Image-to-image translation에 대한 자연스러운 접근 방식은 이미지의 고차원 multi-modal 분포를 포착할 수 있는 심층 생성모델을 사용하여, input이 주어진 output 이미지의 conditional distribution을 학습하는 것이다.

GAN은 많은 image-to-image task를 위한 모델이지만, 학습이 어렵고 종종 output distribution에서 모드를 drop하는 문제가 있다.
Autoregressive model, VAE, Normalizing Flows는 특정 애플리케이션에서는 성공적이었지만 GAN과 같은 quality와 generality를 갖지 못했다.

최근(논문 상) 연속 데이터 모델링에서 Diffusion과 score-based model이 주요 진전이 있었다.
음성 합성에서 diffusion model이 human evaluation score에서 SoTA autoregressive model과 동등한 성능을 달성했고, class-conditional ImageNet generation challenge에서는 GAN을 FID 점수에서 능가했으며, super-resolution에서는 인상적인 향상된 결과를 냈다.
이러한 결과에도 불구하고, diffusion 모델이 image manipulation에서 GAN과 겨룰 정도의 다양하고 일반적인 프레임워크를 제공하는지는 불분명하다.
~~(-> 그런 프레임워크 Pallete를 우리가 제공할거다? 라는 내용이 나오려나 라는 생각함)~~

이 논문에서는 Palette 의 general applicability를 colorization, inpainting, uncropping, JPEG restoration과 같은 distinct & challenging한 태스크에 대해 조사한다.

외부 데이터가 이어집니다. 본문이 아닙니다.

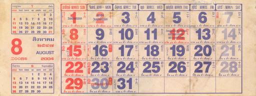 Keywords: Thai August 2004.png Scan of generic Thai calendar page of type printed in bulk for stapling to an advertising poster which depicts August A D 2004/2547 B E the beginning of which corresponded with the beginning of the waning of the Thai Lunar Calendar leap month Moon 8/8 The copyright status of such a calendar page that cannot be attributed to any one source is unknown The scan itself commissioned by me is public domain Created by Pawyilee 2007-02 Pawyilee Public domain Calendars in Thailand August 2004 in Thailand |
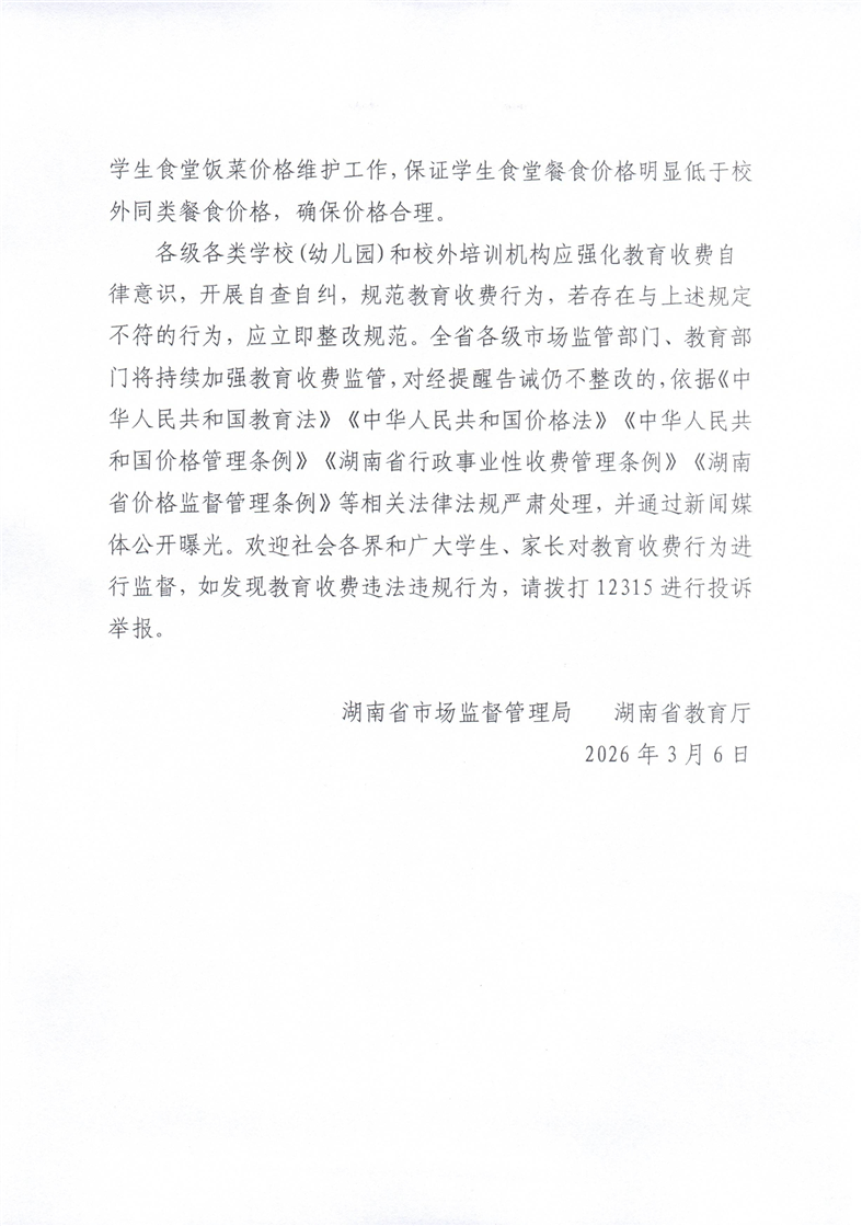 名称: 湖南省市场监督管理局湖南省 教育厅关于严格规范2026年春季教育收费政策执行的提醒告诫函
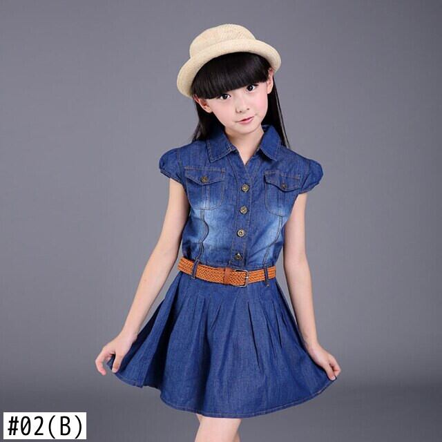 新作 キッズ カウボーイ ドレス ガールズ サマー デニム ビッグ キッズ ベルト ドレス ガール ティーンエイジ Vestidos ビーチ パーティー JYF
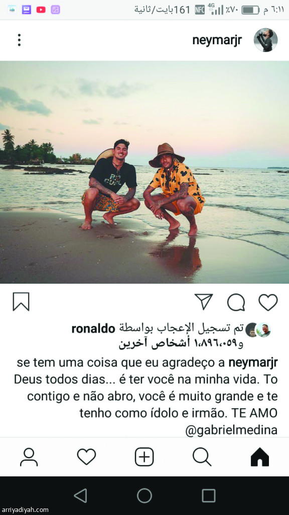 شارك البرازيلي نيمار جونيور لاعب باريس سان جيرمان متابعيه عبر إنستجرام بصورة له مع جبريل ميدينا مواطنه لاعب التزحلق وخلفهما البحر. وعلق نيمار على الصورة قائلًا “إذا كان هناك شيء واحد أشكر الله عليه كل يوم.. أن يكون ميدينا في حياتي”.

Palette는 task-specific 구조에 대한 customization, hyper-parameters, loss 변경 없이 high-fidelity output을 제공한다.

Palette의 핵심 구성 요소: denoising loss function / neural architecture
L2, L1 loss가 유사한 sample-quality score를 산출했지만, L2가 좀더 샘플에 대해 높은 다양성인 반면, L1은 conservative한 output을 산출했다.

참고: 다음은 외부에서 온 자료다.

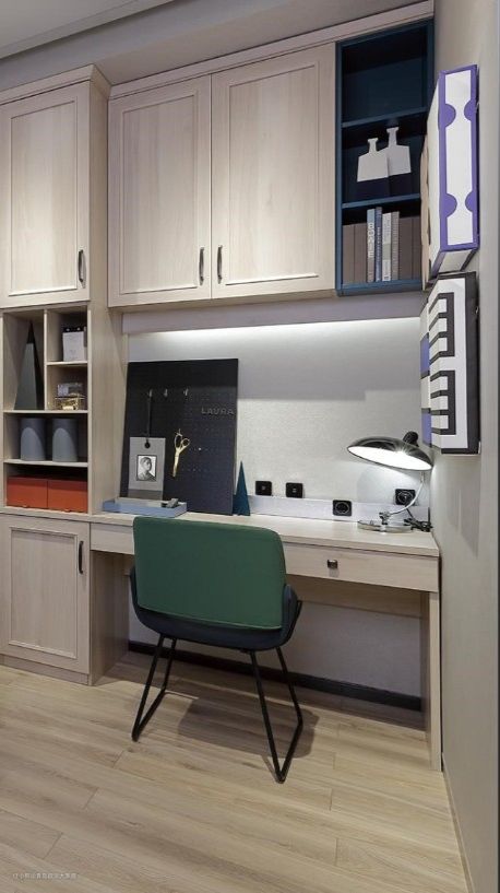 书房的台灯与卧室的不同,在色温的选择上,需要选择接近自然白光的偏冷色调,这样的光线显色性更强,阅读不累眼,注意力更专注。借组合柜的底部内嵌灯带,让整个阅读空间更加明亮。
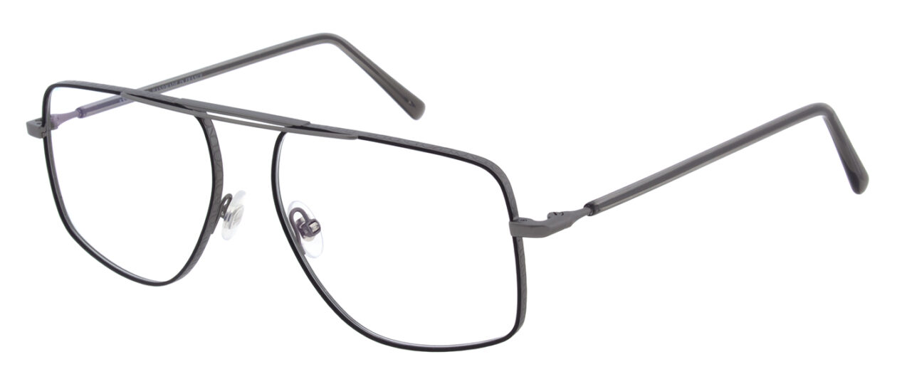 The wide 4839 is a masculine aviator frame made of metal with a continuous upper bar and patterned profile wire. The design combines a confident shape with lightness and high wearing comfort.

Fully convolutional model을 위해 Palette의 U-Net 구조에서 self-attention 레이어를 제거하면 성능이 저하된다.

Pix2Pix
- GAN 기반 image-to-image translation task
GAN-based techiques(때때로 일관된 structural/textural regularity 변환에 실패)
- unpaired translation
- unsupervised cross-domain generation
- multi-domain translation
- few-shot translation
Diffusion model
Multi-task training

관련 연구들에 대해 소개하는 내용. task들에 대한 추가 설명은 논문 레퍼런스 보는게 나을듯

🍞 3. PALETTE

(Diffusion model / Conditional Diffusion model 에 대한 설명 / 아키텍처 소개 섹션)

- Diffusion model

Diffusion model은 가우시안 분포에서 반복적인 denoising을 통해 실제 데이터 분포로부터의 샘플을 생성한다.

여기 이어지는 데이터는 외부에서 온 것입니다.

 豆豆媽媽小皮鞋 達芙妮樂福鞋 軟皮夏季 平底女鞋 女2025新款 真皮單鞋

- Conditional Diffusion model

Denoising + conditional on input signal -> 특정 입력에 기반한 결과 생성 가능

- Loss function

로스함수
y = output image, y_tilda = noisy version, f_theta = neural network

L1은 일부 경우에 hallucination(학습 데이터에 기반하지 않은 비현실적 결과물)을 줄일 수 있지만, L2가 출력 분포를 더 faithfully하게 포착한다.

- Architecture

U-Net 구조 사용(아래는 Palette / U-Net 주요 차이점)
- class-conditioning이 없다.
- source image concatenation을 통해 additional conditioning

🍞 4. Evaluation Protocol

scale, diversity, public availability 때문에 ImageNet 기반으로 평가
평가 측정은 Inception Score(IS), Frechet Inception Distance(FID), Classification Accuracy(CA) of a pre-trained ResNet-50 classifier, Perceptual Distance(PD) 사용
Human evalutation: 모델 출력과 natural 이미지를 구별할 수 있는지 -> fool rate로 결과 출력

fool rate: 어떤 이미지가 카메라로 촬영한 것일까? -> natural 이미지보다 model output을 답하는 사람 비율(바보보다 진짜 속았을지도)

🍞 5. Experiments

🌿Colorization: grayscale image -> color image

SoTA 달성이용ㅋ

🌿Inpainting: user-specified masked region을 realistic한 content로 채우기

기존 모델 능가!

🌿Uncropping: extends input image to enlarge

얘도 잘나왔어용

🌿JPEG Restoration: corrects JPEG compression artifacts

암튼 여기서도 결과 잘나왔단 뜻임

🌿 Self-attention in Diffusion model architectures

self-attention 레이어는 Diffusion model을 위한 U-Net에서 중요 구성 요소
global dependency 제공 unseen image resolution에 대한 generalization 방지
본 논문에서는 4 configurations 에서 실험진행
- Global Self-Attention: Baseline(32x32, 16x16, 8x8 resolution에서)
- Local Self-Attention: 피처맵이 겹치지 않는 4개의 query block으로 분할
- More ResNet Blocks without Self-Attention: 2 residual blocks -> receptive field size 증가로 깊은 컨볼루션
- Dilated convolutions without Self-Attention: 위랑 비슷하게 dilation rate 증가로 receptive field 기하급수적으로 증가

🌿 Sample Diversity

L2 loss 사용한 모델이 L1 loss 사용한 모델보다 더 큰 Sample Diversity 제공.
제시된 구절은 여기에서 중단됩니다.